Nach dem Gesagten erscheint es durchaus vernünftig und jedenfalls vor Art. 31 BV haltbar, das Anwalts- bzw. Rechtsagentenmonopol auch auf die berufsmässige Erteilung von Rechtsauskunft auszudehnen und damit die diese Tätigkeit Ausübenden ebenfalls dem zwischen dem Staat und den Inhabern einer Anwalts- oder Rechtsagentenbewilligung bestehenden, die Disziplinargewalt in sich schliessenden Aufsichtsverhältnis zu unterstellen.
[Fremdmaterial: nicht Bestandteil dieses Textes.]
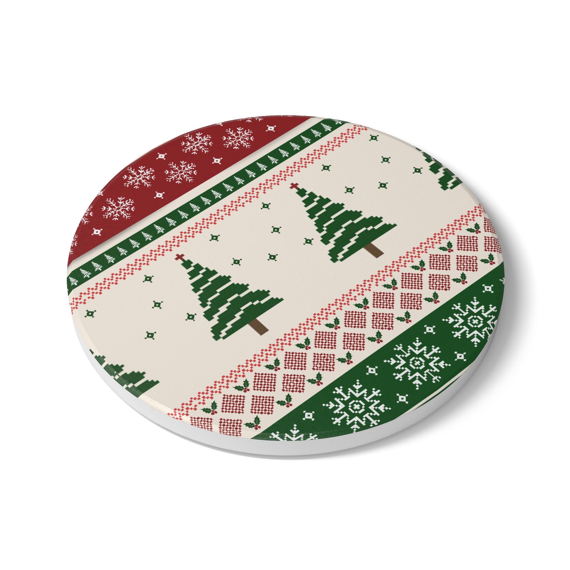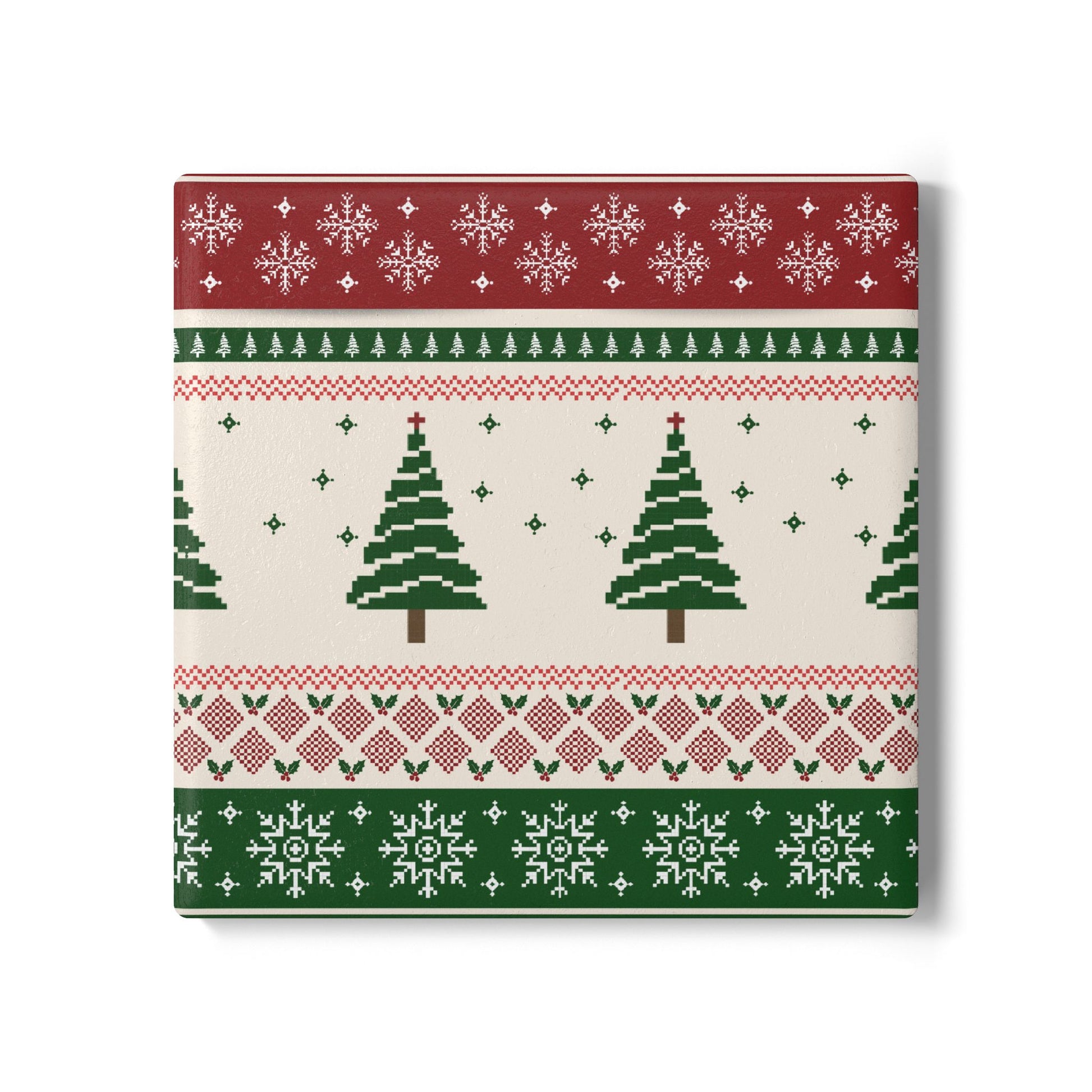 Warm, cozy, and quietly festive — this Christmas Tree Ribbons ceramic tile coaster brings the hush of a Christmas to your tabletop. The snug knit-pattern design, lined with rows of evergreen silhouettes and tiny snowflakes, makes each cup feel like a moment of slow, seasonal comfort. Durable white ceramic holds up to hot or cold drinks while the cork backing keeps mugs steady and surfaces safe. It slips effortlessly into a holiday table setting, a quiet morning coffee ritual, or an evening with a favorite book and soft lights. Perfect for Christmas dinners, holiday gatherings and everyday winter decor.

Was für die allgemeine Rechtsberatung gilt, trifft analog für die Besorgung der in Art. 123 Abs. 3 ZP speziell aufgeführten Geschäfte zu. Wenn daher Art. 123 Abs. 3 ZP die erwähnten nichtforensischen juristischen Tätigkeiten den Anwälten und Rechtsagenten vorbehält, so ist das durch den Schutz des Publikums vor ungeeigneten Beratern und Vertretern gerechtfertigt und geht nicht über diesen Zweck hinaus. Demnach sind die beim Erlass einer gestützt auf Art. 31 Abs. 2 und 33 Abs. 1 BV vorgenommenen gewerbepolizeilichen Massnahme zu beachtenden Grundsätze der Notwendigkeit und Verhältnismässigkeit gewahrt.
Demnach erkennt das Bundesgericht:
Die Beschwerde wird, soweit darauf einzutreten ist, im Sinne der Erwägungen abgewiesen.